For various reasons, I have custom serialization where I dump some fairly simple objects into a data file. There are perhaps 5-10 classes, and the resulting graphs of objects are acyclic and fairly simple (each serialized object has 1 or 2 links to another that is serialized). For example:
class Foo { final private long id; public Foo(long id, ) { ... } } class Bar { final private long id; final private Foo foo; public Bar(long id, Foo foo, ) { ... } } class Baz { final private long id; final private List<Bar> barList; public Baz(long id, List<Bar> barList, ) { ... } }
The id field is intended only for serialization, so when I serialize to a file, I can write objects, keeping a record of which identifiers have been serialized so far, and then for each object checking whether its children were serialized and writing those who did not, after all, by writing the object itself, writing its data fields and identifiers corresponding to its child objects.
What puzzles me is how to assign an id. I thought about this, and it seems that there are three cases for assigning an identifier:
- dynamically created objects - an identifier is assigned by a counter, which increases
- Reading objects from disk - id is assigned from the number stored in the disk file
- singleton objects - an object is created before any dynamically created object to represent the singleton object that is always present.

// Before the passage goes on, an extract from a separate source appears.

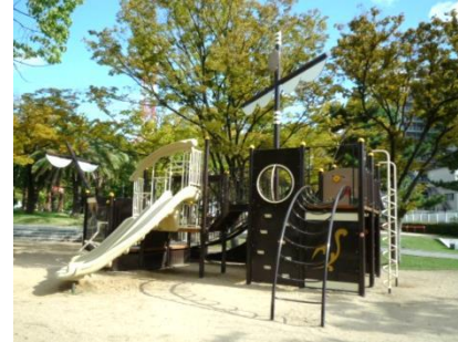
⑮ ザビエル公園 (平成29年)

How can I handle them correctly? I feel like I am reinventing the wheel, and there must be an established method of handling all cases.
clarification: as tangential information, the file format I'm looking at is something like the following (filling in a few details that should not be relevant). It is optimized for processing a fairly large amount of dense binary data (tens / hundreds of MB) with the ability to intersect structured data in it. Dense binary data makes up 99.9% of the file size.

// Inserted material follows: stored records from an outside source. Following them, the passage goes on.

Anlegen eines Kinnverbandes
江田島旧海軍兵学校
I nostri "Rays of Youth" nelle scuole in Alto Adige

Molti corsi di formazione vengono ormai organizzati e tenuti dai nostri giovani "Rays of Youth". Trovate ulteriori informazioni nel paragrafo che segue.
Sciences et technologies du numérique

The file consists of a series of error correction blocks that serve as containers. Each block can be considered as containing a byte array, which consists of a series of packets. You can read packets one at a time (for example, you can specify where the end of each packet ends, and the next one right after that).

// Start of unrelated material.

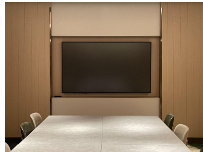
種別:モニター(75inch) 個数:1(壁掛けタイプ)
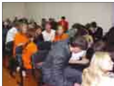
А ВОТ И ОТВЕТ! ОКРУЖНОЙ ФИНАЛ РАЗВИВАЮЩЕЙ ИГРЫ «ВЕЛИКОЛЕПНАЯ ПЯТЕРКА», Г. САРАНСК

Thus, a file can be considered as a series of packages stored on top of a layer with error correction. The vast majority of these packages are opaque binary data that has nothing to do with this issue. However, a small minority of these packages are elements containing serialized structured data, forming a kind of “archipelago” consisting of data from “islands” that can be connected by object-oriented relationships.
So, I can have a file in which packet 2971 contains serialized Foo, and packet 12083 contains a serialized panel that refers to Foo in packet 2971. (with packets 0-2970 and 2972-12082, which are opaque data packets)
All these packages are immutable (and, therefore, taking into account the limitations of building Java objects, they form an acyclic graph of objects), so I do not need to solve problems with variability. They are also descendants of the common Item interface. I would like to write an arbitrary Item object for a file. If the Item contains links to other Item that are already in the file, I also need to write them to the file, but only if they are not already written. Otherwise, I will have duplicates that I will need to somehow unite when I read them.